Скляренко слышал, что сросшиеся брови – примета убийц, жестоких людей, способных пролить кровь. Бог отмечает этой броской деталью. Несколько раз Скляренко садился перед зеркалом, рассматривал свое лицо – нет ли у него этой ужасной приметы? – и облегченно вздыхал, когда не находил.
– Врет, – по-русски произнес следователь.
– Я знаю, – сказал Скляренко.
Накрыли Абдуль-Вахида в горах, в пещере вместе с телохранителями. Пещера эта поднималась над тропой на двенадцать метров, забирался туда Абдуль-Вахид по веревочной лестнице. Когда шла чистка ущелья, он нырнул в обустроенный, с мягкой мебелью каменный скрадок, лестницу поднял, рассчитывая там отсидеться, но его выдал один из афганцев.
Пещеру брали штурмом, полили ее таким огнем, что наружу вылетели только поролоновые лохмотья – остатки мягкой мебели. Абдуль-Вахид с телохранителями отстреливался до последнего патрона – лично убил одного советского офицера, одного афганца и ранил двух сержантов-шурави. Стрелял он из старого надежного маузера до тех пор, пока не кончились патроны. Оружие у него выбили из рук ногой.
Скляренко задал еще несколько малозначительных вопросов. Стрелял ли Абдуль-Вахид из маузера по мишени, а если стрелял, то сколько выбивал, есть ли у него в роду больные чахоткой, в каких странах мулла побывал, видел ли когда-нибудь паровоз либо тепловоз и так далее. Абдуль-Вахид на все отвечал серьезно. Ни один мускул не дрожал у него на лице. Скляренко пил крохотными глотками горчайший кофе, ел орехи с изюмом, брал одну крупную черную изюмину, клал ореховое зерно, сверху накрывал плоской светлой изюминой, получался вкусненький бутерброд, ладно и точно сочетающийся с глотком кофе. Не дураки все-таки живут на Востоке.

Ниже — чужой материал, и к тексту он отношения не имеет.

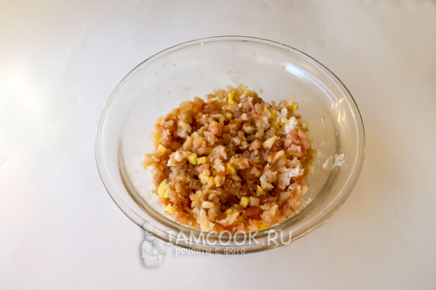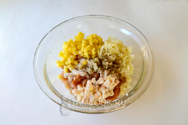 Для начинки положите щучий фарш в миску, добавьте мелко нарезанный репчатый лук, одну небольшую картофелину, очищенную и нарезанную мелким кубиком. Добавьте соль и черный молотый перец.
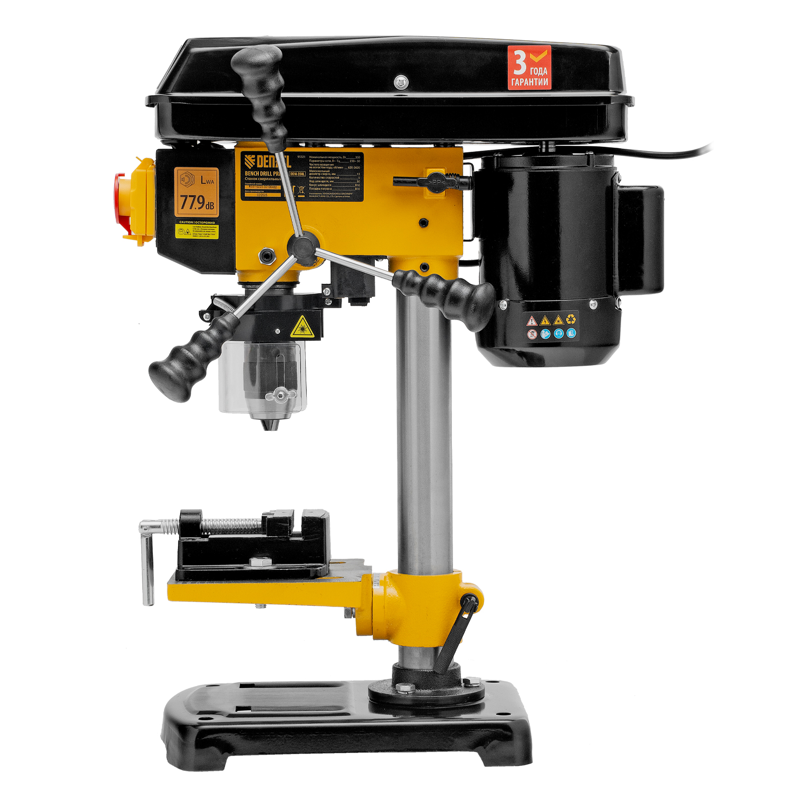 Настольный сверлильный станок Denzel DDM-350L 95321 мощностью 350 Вт поддерживает 5 уровней частоты вращения шпинделя, оснащен лазером и совместим с оснасткой диаметром 1-13 мм. Предназначен для сверления отверстий и шлифования деталей. Ременная передача позволяет успешно решать различные задачи. Повышенная частота вращения шпинделя позволяет эффективно обрабатывать плотные материалы и составляет 620-2620 об/мин, можно установить оптимальную в соответствии с поставленной задачей (предусмотрено 5 уровней). Надежный асинхронный двигатель обеспечивает длительную стабильную работу даже при интенсивном использовании. Станок пригодится в мастерской и гараже.
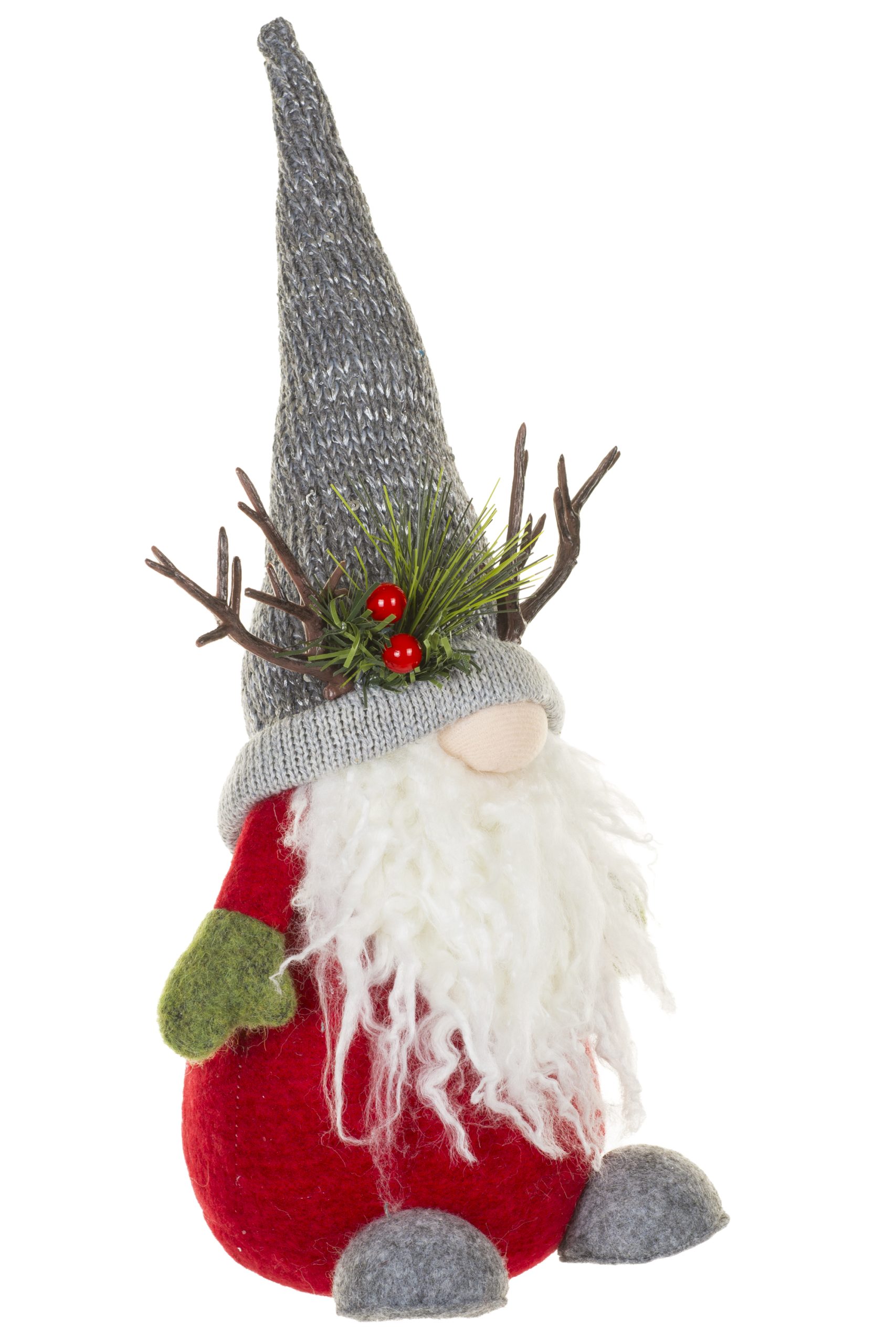 • Description: 13.5" Sitting Red and Grey Fabric Gnome Doll
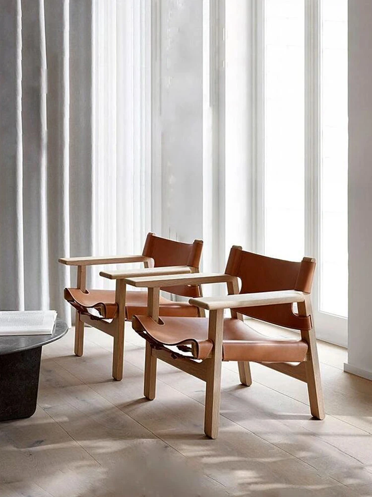 北欧風の無垢材一人掛けソファ、スペイン椅子デザインのサドルレザー狩猟椅子。レトロでリラックスした雰囲気を持つ民宿にもぴったりな洽談用チェア。おしゃれで快適な空間を演出します!
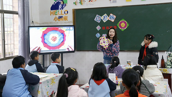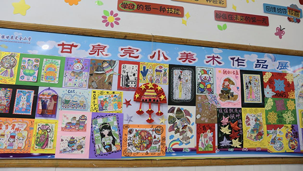 在甘泉完小,学校引进专业老师,将美术课程与传统的非遗技艺相融合,并结合农村小学的教学特点,开设创意树叶贴画、扎染等美术校本课程,让乡村学生享受更好的教育。

Запах кофе дразнил узника, его точеный нос с широкими расплющенными ноздрями коренного африканца старался уходить от запахов, но как можно уйти от духа напитка, если он наполнил всю комнату?
Недовольная тень проскользила у муллы по лицу, застряла в глазницах, под крыльями носа, в уголках рта, вытемнив кожу до пороховой опаленности, взгляд непроницаемых маслиновых глаз был по-прежнему неподвижен и отрешен – человек этот жил совсем иной жизнью, чем обычные люди, и Скляренко неожиданно позавидовал Абдуль-Вахиду. Не тому, что тот скоро переместится в мир иной – упаси Господь этому завидовать, – завидовал выдержке, силе этого одноногого басмача.

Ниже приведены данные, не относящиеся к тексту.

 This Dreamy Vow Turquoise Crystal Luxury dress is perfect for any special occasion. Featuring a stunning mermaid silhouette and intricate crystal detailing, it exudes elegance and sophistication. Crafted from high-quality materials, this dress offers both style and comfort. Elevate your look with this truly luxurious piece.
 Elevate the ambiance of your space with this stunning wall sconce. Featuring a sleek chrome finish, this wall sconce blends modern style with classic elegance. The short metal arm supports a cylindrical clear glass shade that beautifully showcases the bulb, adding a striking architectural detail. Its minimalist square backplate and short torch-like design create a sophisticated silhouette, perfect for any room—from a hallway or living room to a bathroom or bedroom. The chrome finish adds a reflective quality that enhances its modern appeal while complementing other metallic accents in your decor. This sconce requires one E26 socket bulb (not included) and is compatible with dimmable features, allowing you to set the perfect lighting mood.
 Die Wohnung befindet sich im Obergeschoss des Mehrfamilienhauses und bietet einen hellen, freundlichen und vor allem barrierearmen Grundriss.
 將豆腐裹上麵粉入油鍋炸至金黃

Он не знал, хватит ли материала у него в блокноте – опыта не было, хотя слышал, что в блокноте у журналиста материала должно быть на одну треть больше, чем того требует статья. У любого айсберга есть надводная часть, а есть подводная, и всякая статья бывает хороша, когда у нее мощная подводная часть – невидимая, по ней и определяется, насколько убедителен материал.
Напоследок Скляренко задал вопрос, который его интересовал особо:
– Сколько вы получали денег? Ну… какова ваша зарплата?

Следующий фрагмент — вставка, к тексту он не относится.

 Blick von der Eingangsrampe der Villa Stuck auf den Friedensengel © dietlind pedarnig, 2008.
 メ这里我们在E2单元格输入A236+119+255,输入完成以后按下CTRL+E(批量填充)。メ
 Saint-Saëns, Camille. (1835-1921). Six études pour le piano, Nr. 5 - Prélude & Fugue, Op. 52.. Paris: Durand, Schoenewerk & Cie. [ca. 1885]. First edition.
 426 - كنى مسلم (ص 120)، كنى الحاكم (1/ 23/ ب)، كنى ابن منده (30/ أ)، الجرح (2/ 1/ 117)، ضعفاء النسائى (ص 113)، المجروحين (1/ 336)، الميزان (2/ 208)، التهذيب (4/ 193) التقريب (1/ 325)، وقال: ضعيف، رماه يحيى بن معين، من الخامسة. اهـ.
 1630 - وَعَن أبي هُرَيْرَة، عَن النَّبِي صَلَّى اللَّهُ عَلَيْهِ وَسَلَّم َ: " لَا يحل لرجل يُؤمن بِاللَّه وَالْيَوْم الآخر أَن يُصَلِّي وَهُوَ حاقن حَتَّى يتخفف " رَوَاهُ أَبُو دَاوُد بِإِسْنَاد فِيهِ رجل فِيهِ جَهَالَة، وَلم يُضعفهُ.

– Зарплата – это что такое? – поинтересовался Абдуль-Вахид, когда переводчик с трудом подобрал нужное слово, взяв его не из дари, не из пушту, а из одного богатого наречия фарси, в котором, кроме важных слов я выражений, имелось много шелухи.
Подполковник пояснил, что это такое, как важна зарплата для всякого обывателя, привыкшего считать копейки и крохи – настоящий обыватель не даст пропасть ни копейке, ни крохе. Абдуль-Вахид приподнял одно плечо, натянув свободный рукав кофты – у него, пожалуй, только плечи и жили, давали дополнительную информацию к тем скудным сведениям, что преподносил сам облик Абдуль-Вахида, запечатанный на семь печатей – ничего лишнего, ничего сверх того, что можно, плечи у бывшего муллы поднимались и опускались непроизвольно, сами по себе, словно в молитве, он не управлял ими – повторил почти по слогам:
– Зар-п-ла-та, – приподнял другое плечо. – Ну получал… Не знаю, сколько. Не считал.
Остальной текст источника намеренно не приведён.